Electricity Rates in the US by State: An Overview

Electricity Rates in the US by State

Electricity cost is a regular expense businesses and residents have to incur every month, without miss. Rate of electricity and your kWh (kilowatt-hour) usage determine your electricity bills each month and there are many factors that influence electricity rates in the US. Usually, demand is high during extreme cold and extreme heat in most states. Electricity rates may vary by the states, depending on the demand and availability of energy in these states. In states like Texas, where summer is hotter, demand for electricity doubles in months of May, July, and August (as per the electricity demand trends observed in 2019), whereas the demand is low during winter months. Hence, most people prefer to switch their electricity providers in Texas between the months of December and March. 

In this post, I have tried to accumulate and compare electricity rates by states in the USA. To help residential customers make an informed decision, I have prepared a list of the top ten states by highest residential electricity rates in different states of the US. The rates are noted in terms of kWh usage. Kilowatt-hour is a measurement indicating the amount of electricity equal to 1000 watts an hour. As per a report, an average US residential customer uses about 3,000 kWh during summer months, whereas the usage plunges to hardly 900 kWh during winter months and moderate during fall and spring. As a result, the average electricity bill is exorbitantly high during summer and considerably lower during winter, fall, and spring

  1. Hawaii: Hawaii has the highest electricity rates in the United States. The average rate here is above 27.5 cents per kWh which is almost double the national average. 

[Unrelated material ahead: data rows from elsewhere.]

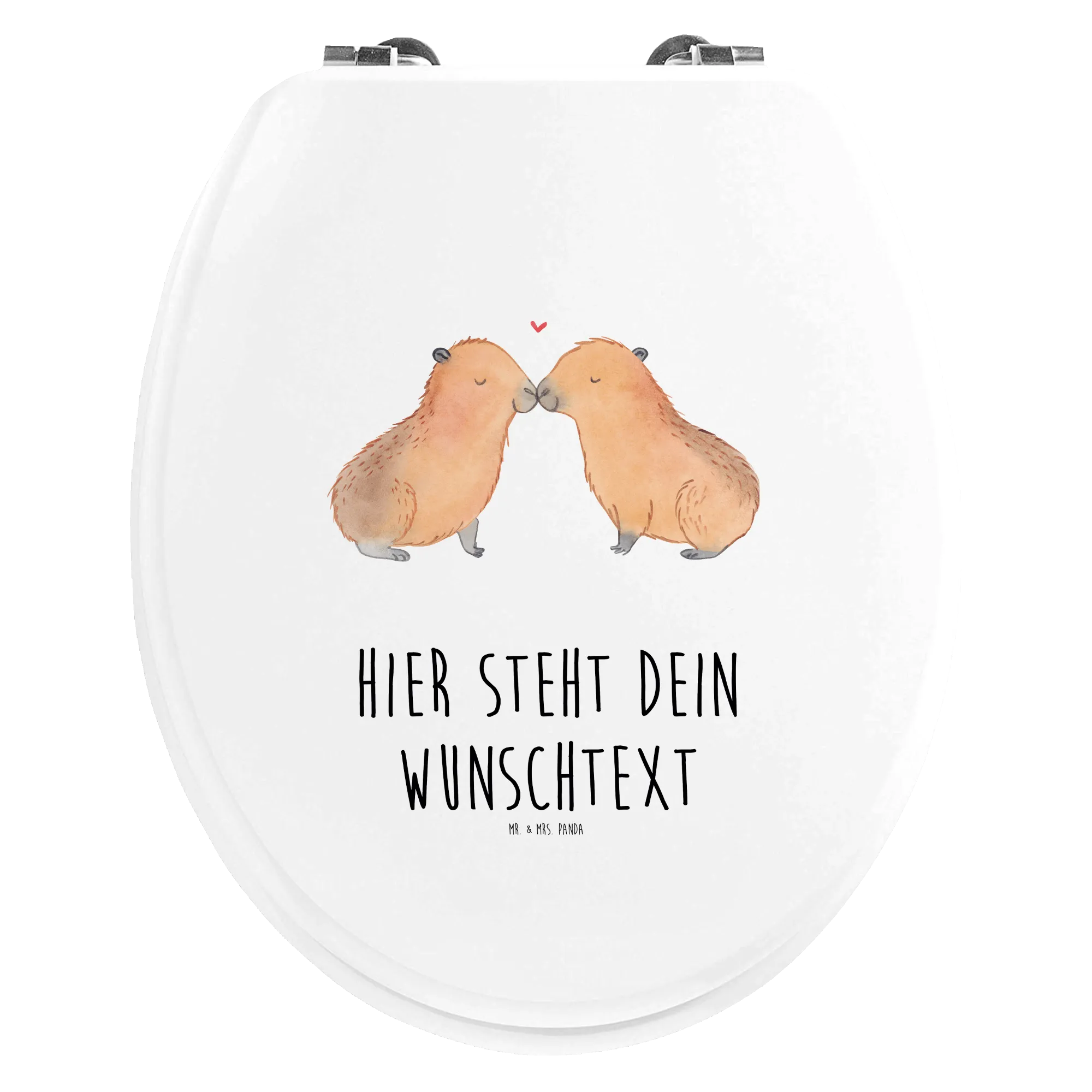 Du suchst nach dem perfekten Geschenk für deinen Partner? Dann ist der personalisierte WC Sitz mit dem süßen Motiv "Capybara Liebe" von Mr. & Mrs. Panda genau das richtige Geschenk für dich! Dieses handgezeichnete Kunstwerk zeigt ein verliebtes Capybara-Paar, das sich zärtlich an der Nase berührt. Über ihnen schwebt ein kleines rotes Herz, das ihre große Zuneigung symbolisiert. Der Toilettendeckel ist nicht nur ein echter Hingucker, sondern bringt auch viel Freude und Romantik in dein Badezimmer. So wird das alltägliche Ritual des Toilettengangs ein wenig bunter und glücklicher!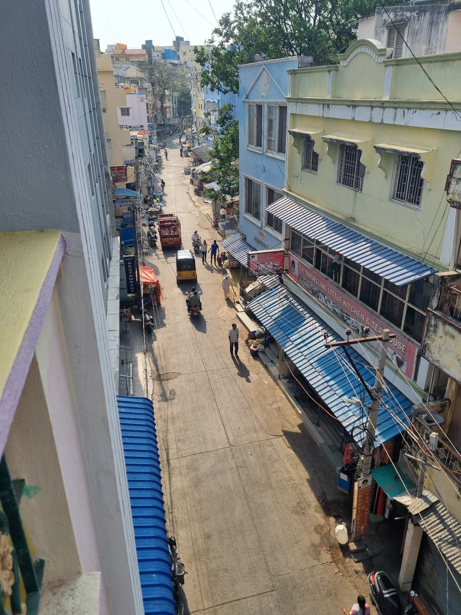A high-angle shot captures a street scene in Puttaparthi, India. The street is lined with buildings, some painted in light shades of yellow and blue. The buildings have corrugated metal awnings and si…read more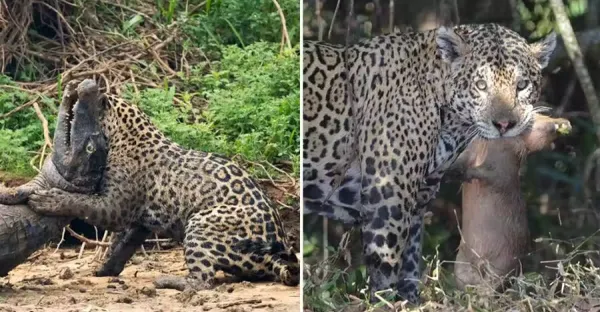 美洲豹河邊喝水,下一秒卻抓到一個「大傢伙」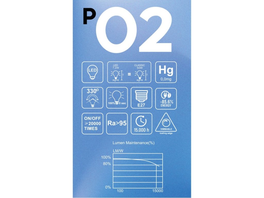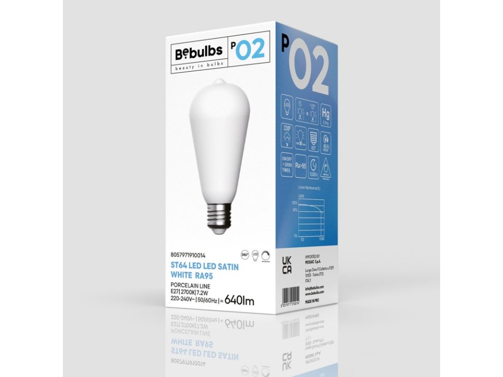 "Porcelánová" LED žiarovka so závitom E27, tvar ST64, porcelánová povrchová úprava, 7.2W, 2700K stmievateľná. Moderný a rafinovaný prvok osvetlenia, ktorý je možné použiť v rôznych prostrediach, od obývacej izby po spálňu, od pracovne po kuchyňu. Vlastnosti Žiarovka P02 sa vďaka závitu E27 ľahko inštaluje do existujúcich svietidiel, čím je zaistené maximálne praktické použitie. Má vysoký index podania farieb (CRI) 95, čo znamená, že farby sú v jej svetle vykreslené veľmi presne a prirodzene.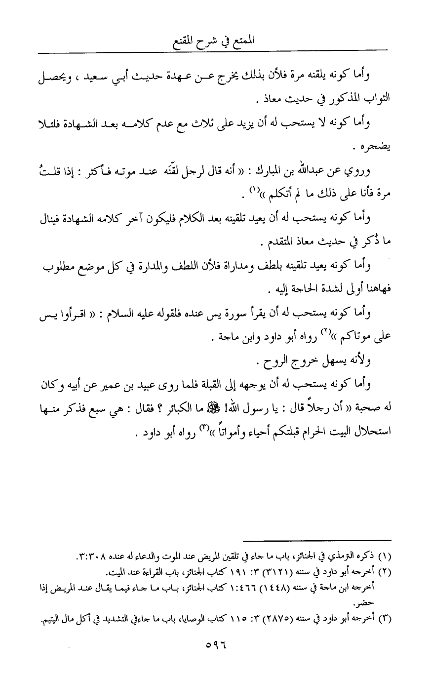 وروي عن عبدالله بن المبارك: «أنه قال لرجل لقّنَه عند موته فأكثر: إذا قلتُ مرة فأنا على ذلك ما لم أتكلم» (¬1).

  2. Alaska: With weighted average residential electricity rates at 17.6 cents per kilowatt (kWh) as of CY2011), Alaska is second in this list of highest electricity rates by states in the United States. Average monthly utility bill is $238 in Anchorage. 

  3. Connecticut: With average rates of 16.98 cents per kWh, Connecticut has the most expensive electricity in northeast. The state’s goal is to achieve 23% electricity from renewable sources by the year 2020.  

  4. New York: Average rate of electricity in New York is 16.25 cents per kWh. Recently, New York produced more hydro-electric energy than any other state throughout the east of Rocky Mountains. The state will install approx. 3,000 megawatts of solar photovoltaic (PV) facilities by the year 2023. Residents of New York may have to spend enough on buying electricity to enjoy central air conditioning during summer. 

  5. Rhode Island: With an average rate of electricity being 15.57¢/kWh, Rhode Island ranks at the 5th position in this list of highest electricity rates. This rate is 21% higher than the national average residential electricity rate of 11.88¢/kWh. RI is amongst the two states in the U.S. with no coal-fired energy generation, which makes it the 2nd lowest emitter of carbon dioxide in the nation. 

  6.  Massachusetts: Average rate of electricity in Massachusetts is 15.34 cents per kWh and the state currently generates about 59% of its total electricity through natural gas. Only 10% of energy is produced using coal and roughly 9% power is generated using renewable resources. 

  7. New Hampshire: Cost of electricity in New Hampshire is 15.25 cents per kWh and about 22% of energy in this state coms from natural gas and over 50% comes from a nuclear power reactor. The state has a plan to get approx. 24.8% electricity through renewable resources by the year 2025.

  8. California: Average electricity rate in California is 15.23 cents per kWh. The mild climate and statewide energy conservation programs have helped California maintain the 2nd lowest per capita electricity consumption rates in the US. An average home in the state consumes less than 6.9 megawatts per year. 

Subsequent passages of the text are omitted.